No es mi propósito insistir repitiendo las aproximaciones del clásico ensayo de Mañach. Lo he tomado como pretexto para lamentar –al menos hasta dónde he leído su obra- que él, que tan duraderamente registró en el “almario” nacional de Cuba, no nos hubiese entregado el ensayo sobre nuestra “cultura del debate”, o, mejor, sobre la incultura polémica que nos inhabilita para debatir de modo racional y respetuoso. El propio Mañach, polemista inclaudicable, sufrió en su momento los golpes de esa altura hacia abajo, aunque tuvo rivales condignos: Rubén Martínez Villena, Raúl Roa, Juan Marinello, José Lezama Lima. Pero, salvo esos contendientes de parejo tamaño conceptual y estilístico, el resto de los litigios que afrontó, con más o menor grado se deslizan desde la otra esquina por el declive del insulto y, sobre todo, la anulación de los probables valores del contrincante.
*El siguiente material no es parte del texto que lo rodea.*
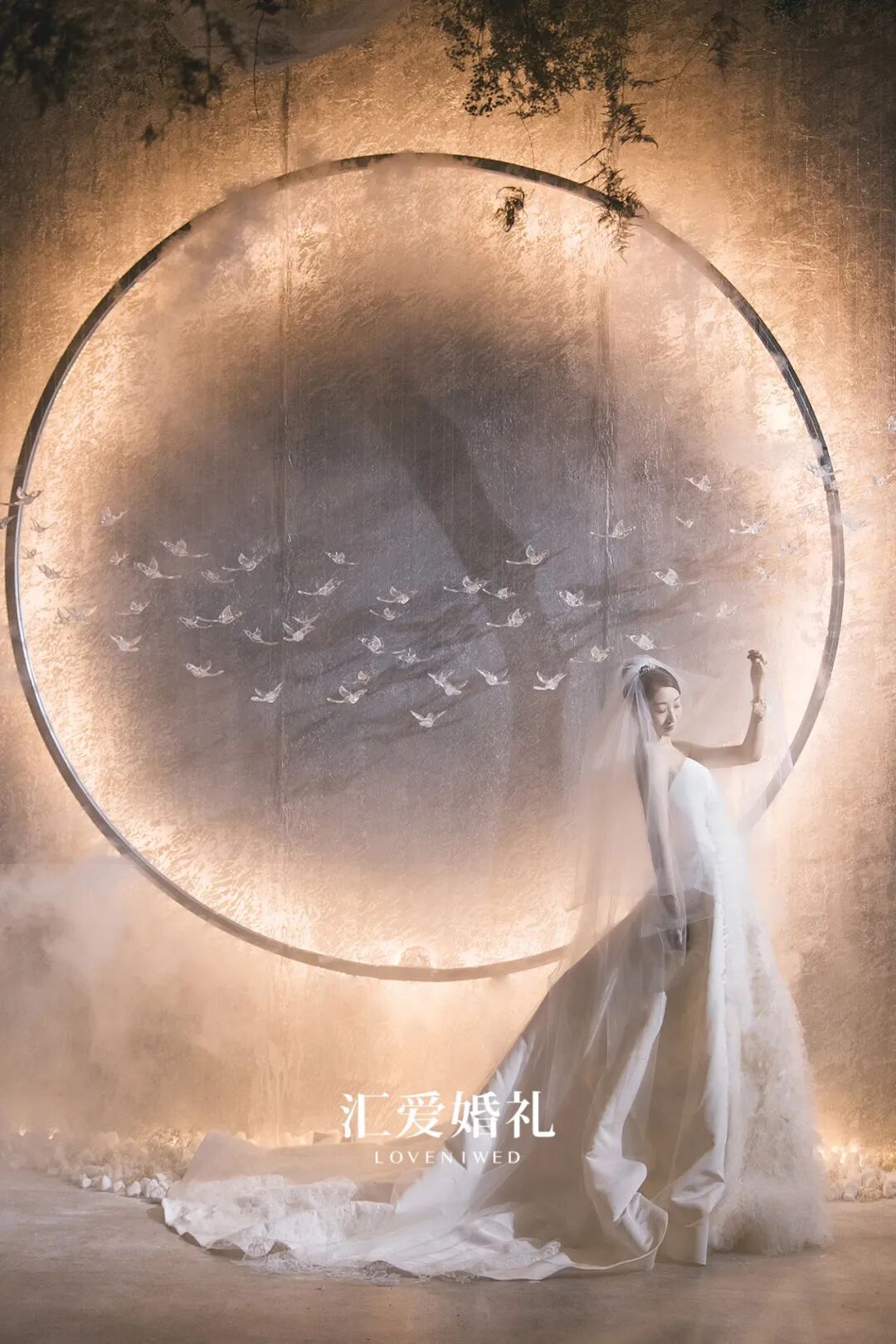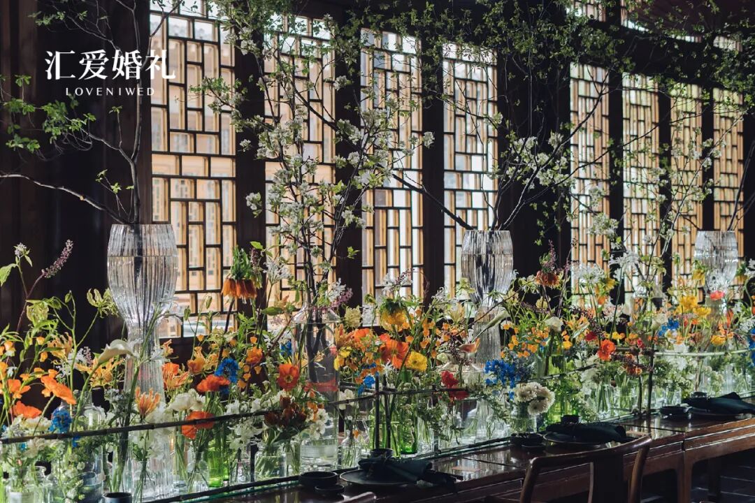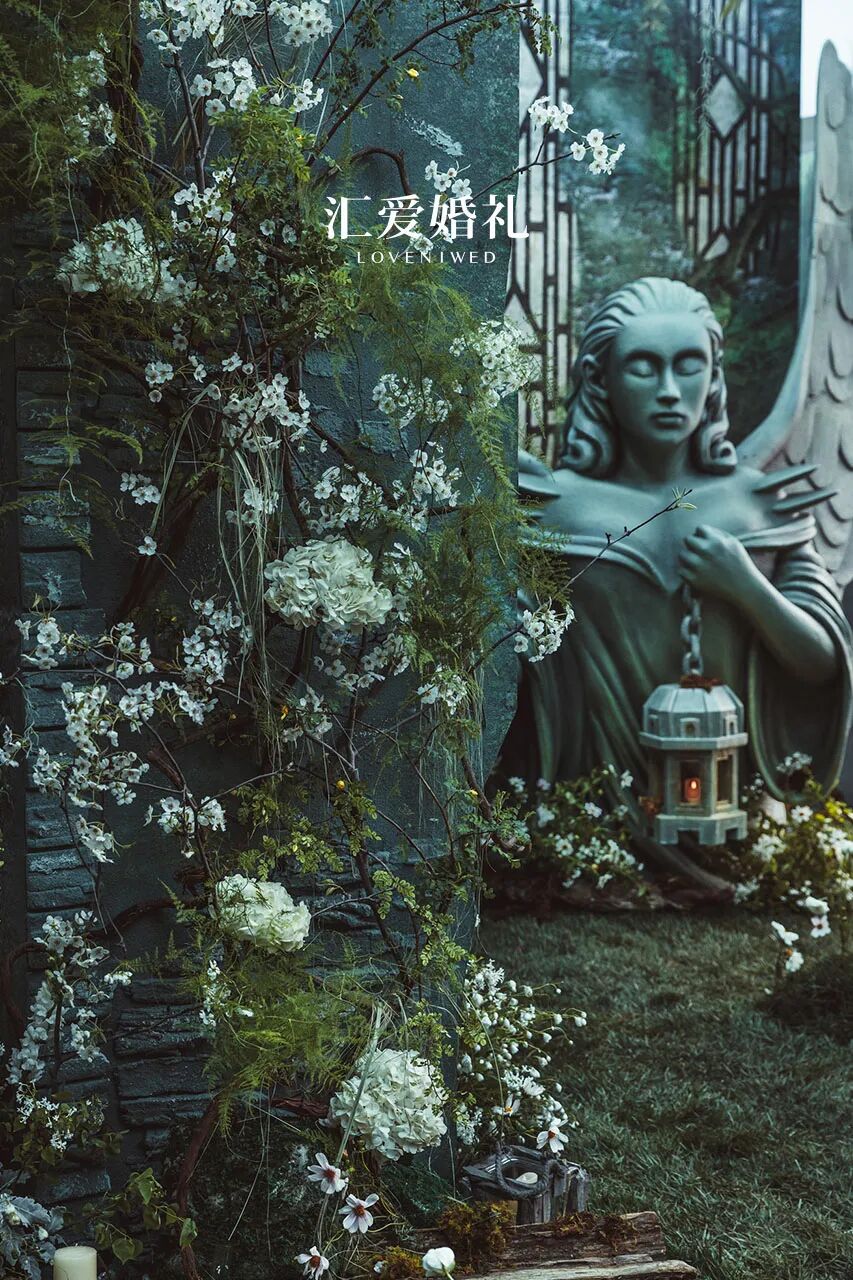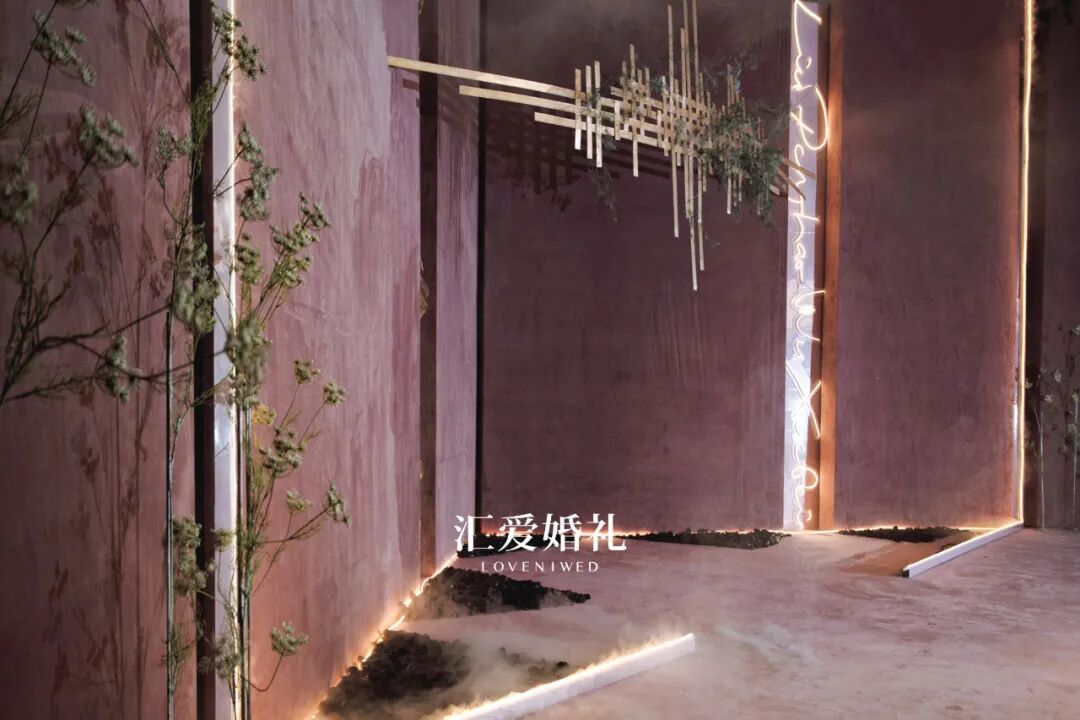 跟随光感变化色调的肌理背景、隐隐晃动的花树暗影、舒缓柔纱、流动的水雾、柔和的音乐、舒适的气味以及每一个精心制作的手工花艺,每一个元素都该扮演传递情感的角色,从而体现新人品味。

Razón tendría quien nos advirtiera que una polémica intelectual o deportiva no se resuelve como si se manipularan tazas de porcelana. Es decir, ha de enardecerse la pasión. Pero, en el medio, regulando con el índice de la ética, el juego limpio de la honradez. La decencia, palabra que, al parecer, se ha arrinconado en el diccionario menos frecuente, tiene su punto central en el respeto al semejante, aunque el otro se pare en el lado opuesto a donde estoy yo. De lo contrario ocurre, como es casi habitual, que resolvamos cualquier polémica confundiendo ironía con sarcasmo, humor con choteo, dureza con irrespeto, ardor con insulto. Y el mayor argumento que alzamos, como una maza, se liga con estos tópicos: no tienes la razón, porque la tengo yo, o tus opiniones no son válidas porque antes opinabas distinto. Y no nos extrañemos si la burla se asoma para destripar con el ridículo a quien nos contradice o nos juzga en público o en privado.
Y a qué causas remitir el origen de nuestra incapacidad para respetarnos los unos a los otros. ¿A la herencia del carácter español? ¿A los tantos años de opresión esclavista, extorsión colonial y neocolonial, y de analfabetismo, peculado, corrupción política en la república de 1902? ¿Acaso a las carencias, las aspiraciones aplazadas y al escaso rigor de hoy?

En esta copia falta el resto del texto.